Nextflow pipeline using containers for an Outbreak detection challenge using OpenEbench platform

This repository intends to be a nextflow + container implementation of OpenEbench workflow for an Outbreak detection challenge.

It has been originally both at https://github.com/BU-ISCIII/openebench_gmi.git and https://github.com/javi-gv94/openebench_gmi.git.

How to use it

git clone https://github.com/inab/openebench_gmi.git
cd openebench_gmi.git
git submodule init
git submodule update

# Next command it is needed to build the containers
./materialize-containers.bash

# Next command launches a test execution
nextflow run main.nf -profile docker

Parameters available:

nextflow run main.nf --help

Usage:
nextflow run inab/openebench_gmi --tree_test {test.newick.file} --goldstandard_dir {golden.folder.path} --assess_dir {assessment.path} --public_ref_dir {path.to.info.ref.dataset} --challenges_ids {event.id}

Mandatory arguments:
  --tree_test                   Path to input data (must be surrounded with quotes).
  --goldstandard_dir            Path to reference data. Golden datasets.
  --public_ref_dir              Path where public dataset info is stored for validation.
  --assess_dir                  Path where benchmark data is stored.
  --challenges_ids                    Event identifier.
  --participant_id              Participant identifier.
  --tree_format                 Format tree ["nexus","newick"].

Other options:
  --outdir                      The output directory where the results will be saved

Datasets

First of all, needed datasets have been collected in: datasets folder

Input dataset: fastq input data obtained from GMI WGS standards and benchmarks repository. Here you can find instructions for download.
Gold standard dataset: confirmed phylogeny for the outbreak being investigated.
Input dataset ids: input dataset ids in .txt and .json format.
Test dataset: a test tree for comparing with gold standard result. In this case just the same golden dataset. Robinson-Foulds metrics must be 0.
benchmark_data: path where benchmark results are stored.

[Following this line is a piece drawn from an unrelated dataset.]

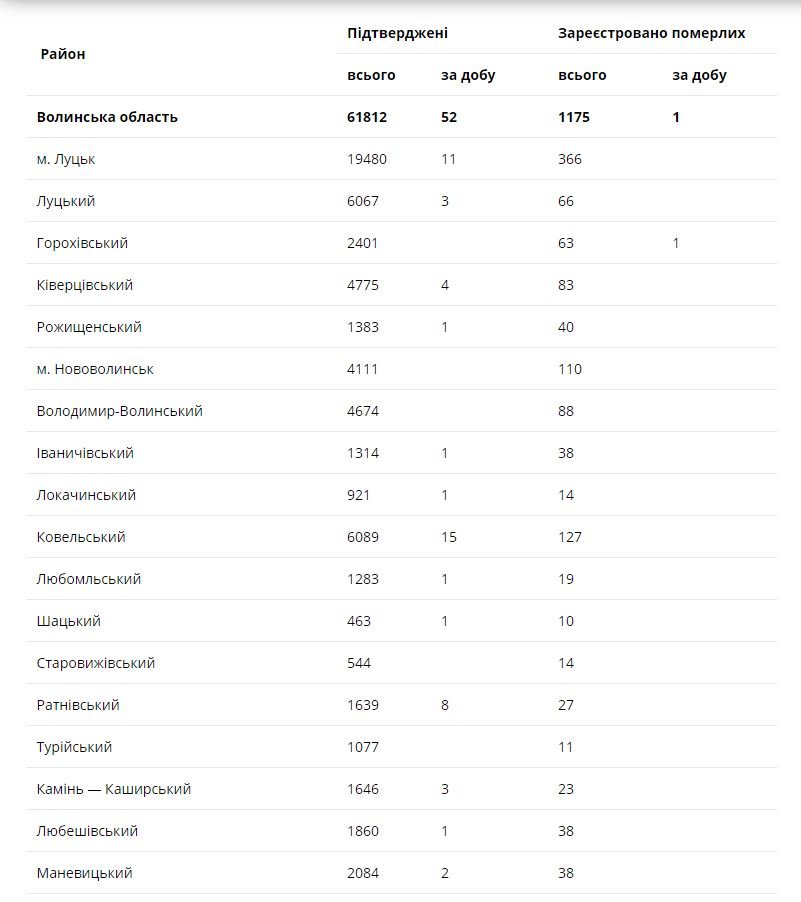 За останню добу на Волині зареєстрували 52 нових підтверджених випадки коронавірусної хвороби COVID-19 (з них дітей – 1, медпрацівників – 2).

Nextflow pipeline and containers

Second, a pipeline has been developed which is splitted in three steps following OpenEbench specifications following TCGA benchmarking repo as an example:

Nextflow processes

Validation and data preprocessing:
1. Check results format:
  - Tree input: User input tree format is validated, nexus and newick formats are allowed being newick the canonical format. If format validated, a tree is outputted in the canonical format (.nwk).
  - VCF input:
2. Get query ids:
  - Tree input: ids are extracted for user input tree in newick or nexus format. IDs are writed in: queryids.json
3. Validate query ids:
  - Tree input: query ids are validated against ref input ids.
Metrics:
1. Precision/Recall calculation: common (TP), source (FP) and ref(FN) edges are calculated in the comparison of ref and test tree topologies. Recall and precision are calculated using this values and stored in a json file called {participant_id}_snprecision.json.
2. Robinson-Foulds metric calculation: Normalized Robinson-Foulds test is performed between user tree and every participant tree already analyzed and stored in the benchmark_data folder in order to compare their topologies. Result value is writted to participant_matrix.json file.
Data visualization and consolidation:
Precision/Recall graph is created, classifying each participant inside a quartile.
A all participant vs all participant heatmap is created usign normalized robinson-foulds matrix.

Containers info

Each step runs in its own container. Containers are built using a Dockerfile recipe which makes use of SCI-F recipes for software installation. All scif recipes are available in scif_app_recipes repository. Singularity recipes are also provided (Not yet adapted in nextflow pipeline).